With their two Grammy nominations for the album “Saturn Return” and song “Cabin,” the Secret Sisters are representing not just for sibling duos but, implicitly, for the rare power of an all-female (or almost all-female) team. The project found sisters Laura Rogers and Lydia Slagle again bringing on as producer no less a name than Brandi Carlile (sharing that duty with her usual collaborators, Tim and Phil Hanseroth), with the pioneering engineer Trina Shoemaker coming in to mix — a too-rare combination of women behind the boards as well as in front of the mic.
The sisters, Carlile and Shoemaker met up with Variety just before the holidays to discuss this harmonic convergence of female energy and talent, and how they only came to realize what the combination meant after the team was already in place, even if they’d like to urge other artists to consciously and conscientiously emulate it. You can watch the entire illuminating and occasionally irreverent 45-minute conversation in the video above.

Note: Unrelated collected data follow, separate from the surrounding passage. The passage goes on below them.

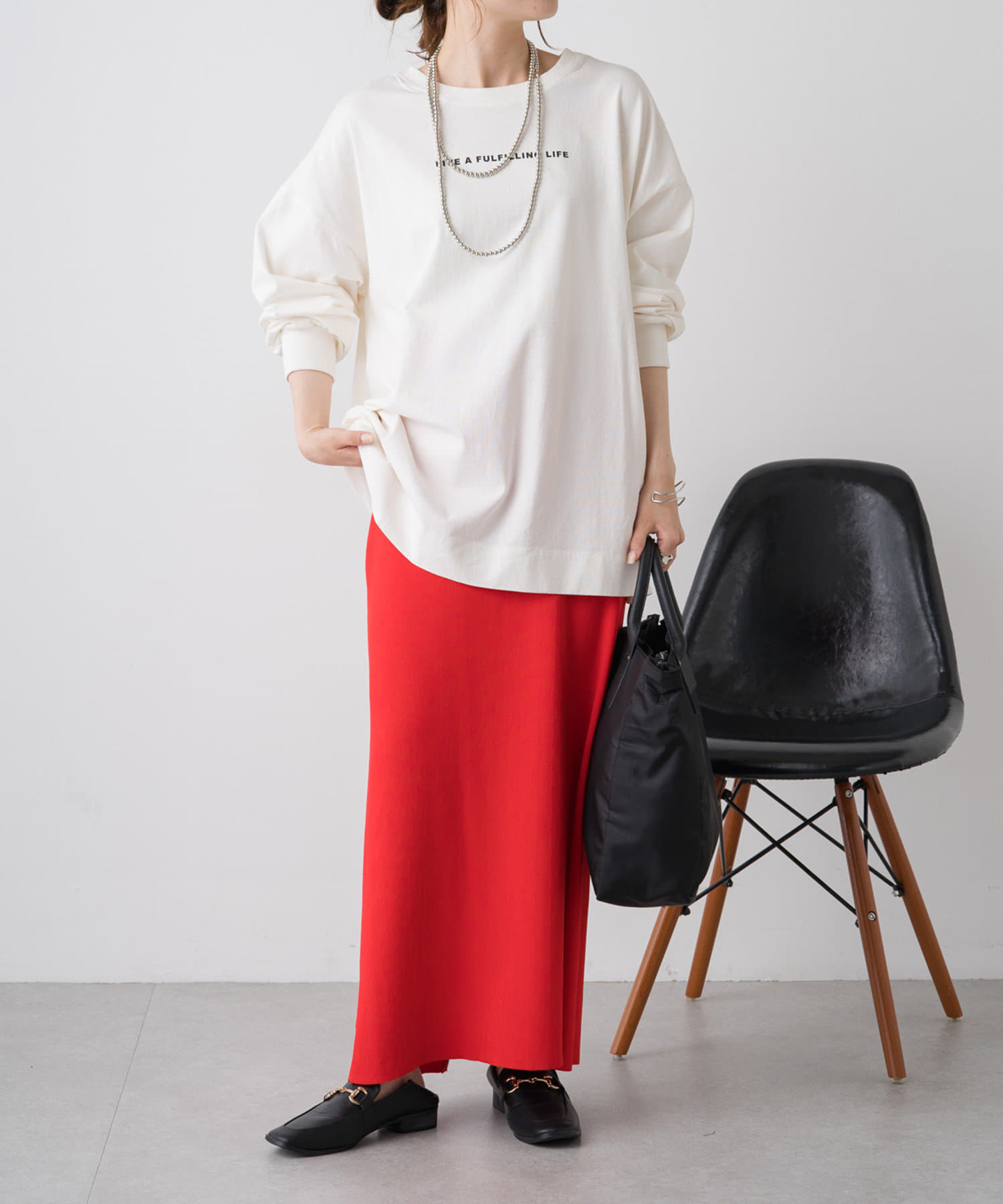 ボトムスにはロングスカートやデニムなど、どんなアイテムとも相性抜群。
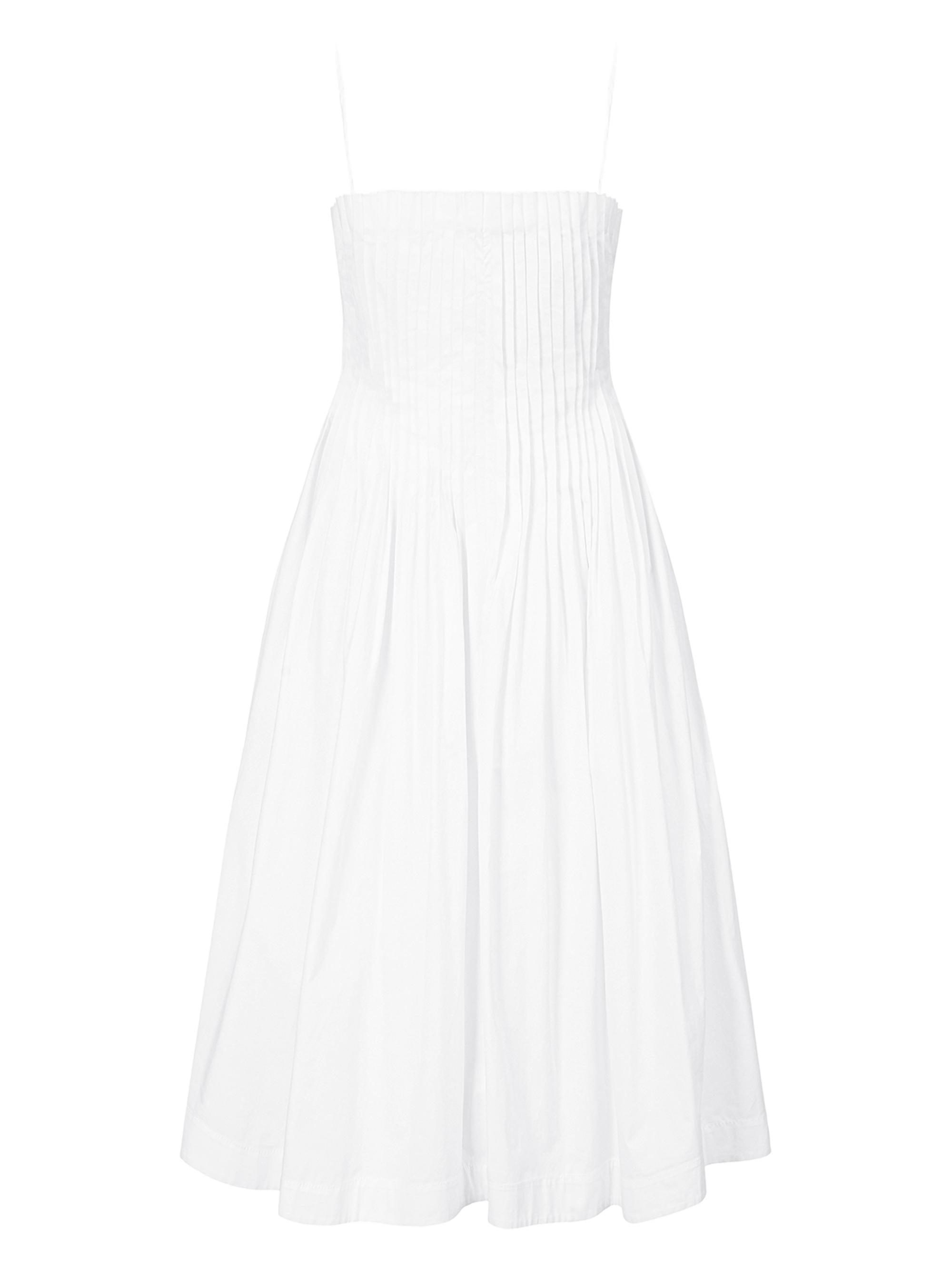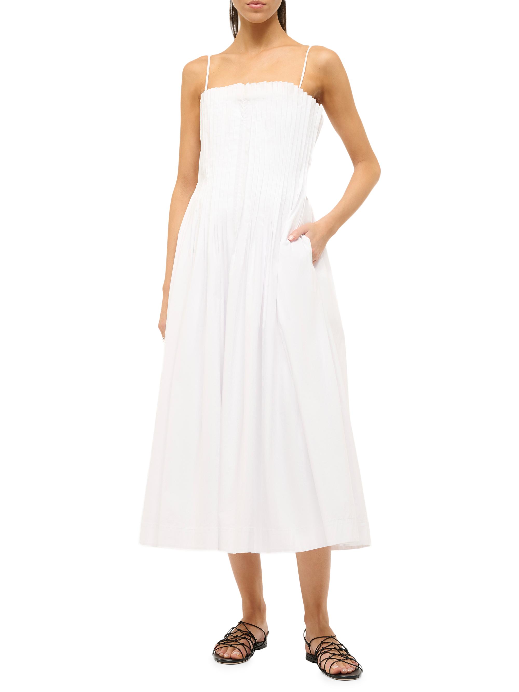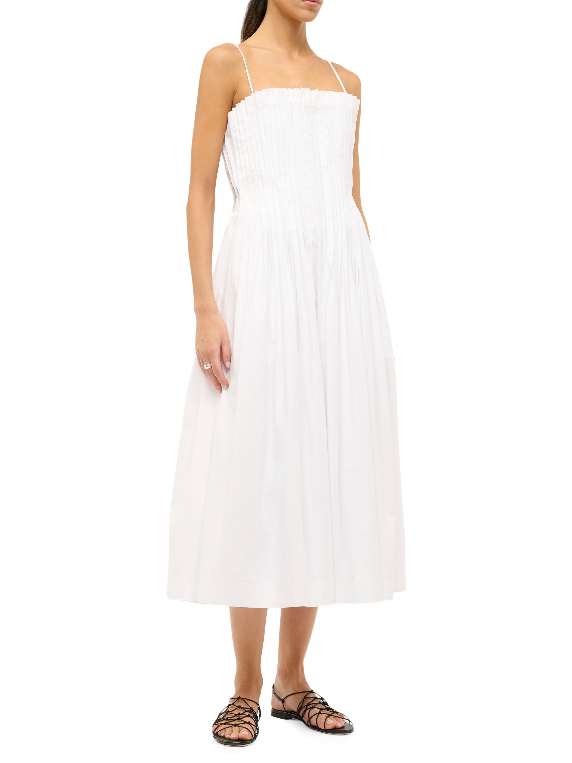 Staud Bella Pleated Cotton-Blend Sleeveless Midi-Dress WHITE
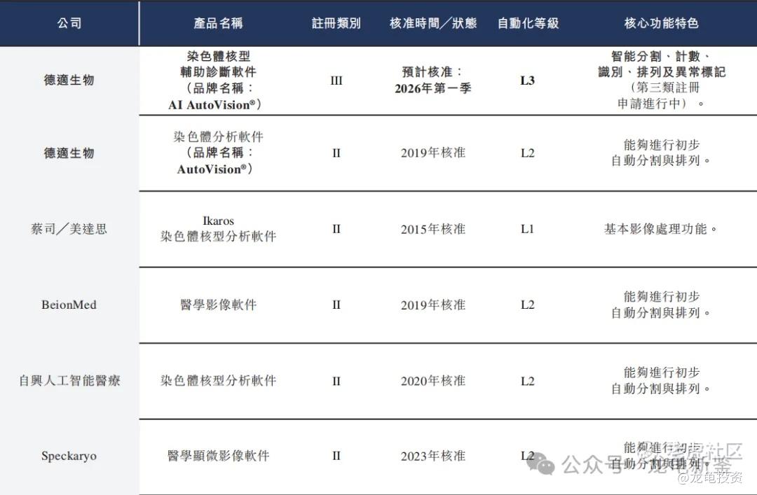目前在竞争格局中,德适不管是市场份额还是自动化等级维度都遥遥领先其它同类公司,并且德适的AI AutoVision软件在完成血液恶性肿瘤染色体核型适应证拓展后,预计将是该领域市场上首批能够提供全自动、端对端复杂核型分析流程的产品,典型的细分领域龙头公司。
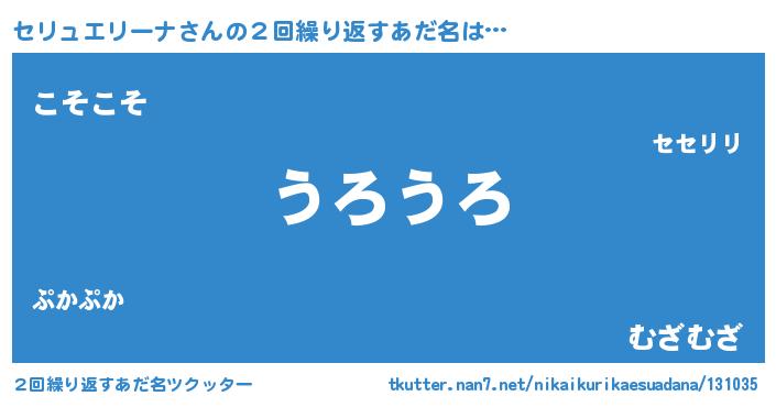 | ポケモン風あだ名 | 『ヒセリュエリーナ』『ゼニセリ』 |
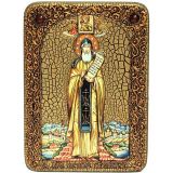 Инкрустированная икона Преподобный Никита Столпник, Переславский чудотворец (21*29 см, Россия) на натуральном мореном дубе, в подарочной коробке
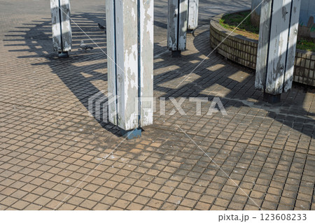 公園の老朽化したパーゴラ(日陰棚)
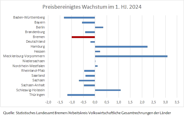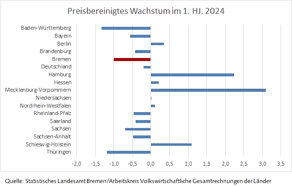Die Wirtschaftsleistung im Land Bremen ist nach ersten vorläufigen Berechnungen des Arbeitskreises "Volkswirtschaftliche Gesamtrechnungen der Länder", dem das Statistische Landesamt Bremen als Mitglied angehört, im ersten Halbjahr 2024 gegenüber dem Vorjahreszeitraum preisbereinigt um 1,0 Prozent zurückgegangen. Im Bund war der preisbereinigte Rückgang mit 0,2 Prozent etwas geringer.

Carlile has a long track record of working with Shoemaker, having enlisted her as co-producer on two of her earlier solo records (“Bear Creek” and “The Firewatcher’s Daughter”), as well as an engineer or mixer on albums she’s produced, including Tanya Tucker’s “While I’m Livin’,” which collected its own set of Grammys in the last go-round.
“I will say that before I had daughters, and while I was younger and very, very driven, when I crossed paths with Trina, it didn’t even occur to me that I was making a conscious choice to go into the studio with a woman,” said Carlile. “And it didn’t occur to me there was a lack of representation in that realm. Because all I was thinking about was myself, and pushing myself forward in my career, getting where I needed to go.
“Once I had daughters and I started thinking about how many paths were actually open to them, it slowed my mind down — and I stayed as driven, but I started to gain a periphery,” Carlile continued. “And that’s when I realized, God, not only are there so few women pulling the chair up to that console and saying, ‘Actually, I’m in charge of this session and I’m going to control the way that it sounds,’ but I haven’t made a conscientious choice to put the women forward that I know who have commandeered that role in such a brave way. And so I made a conscious decision when my kids were born to start gaining control in that realm myself, to start acknowledging and pushing people like Trina forward in a more deliberate way, and to really start thinking about it, so that it’s an option for my girls and for so many other girls.”
The Secret Sisters actually used Carlile and Shoemaker in those roles on their previous Grammy-nominated album, “You Don’t Own Me Anymore” (with Carlile succeeding a couple of other big names, T Bone Burnett and Dave Cobb, in producing them).
“I don’t think we thought about it” at the time, admitted Rogers. “We didn’t approach our third record in the mindset of ‘Let’s find every possible woman.’ But (part of) that was just youth and naivete, because being an artist, it feels like you’re just constantly looking at yourself and being very self-centered… But then once someone — and in our case it was Brandi — enlightens you to the way that you can empower other people, even if you have a small platform, then you’re all of a sudden so aware of how you can facilitate the shining of the light on the people — and the women, specifically — that you work with and admire… And Trina just got it and understood our Southern sensibilities and our voices and the timbres that we access together. And it would be great to have that with anybody regardless of their gender. But…”
“It was a cherry on top that she was a woman,” said Slagle.
“And I think that because of her womanhood,” added Rogers, “she understood the female voice in a very special way that is an advantage for her in her line of work that we’ve really benefited from and loved.”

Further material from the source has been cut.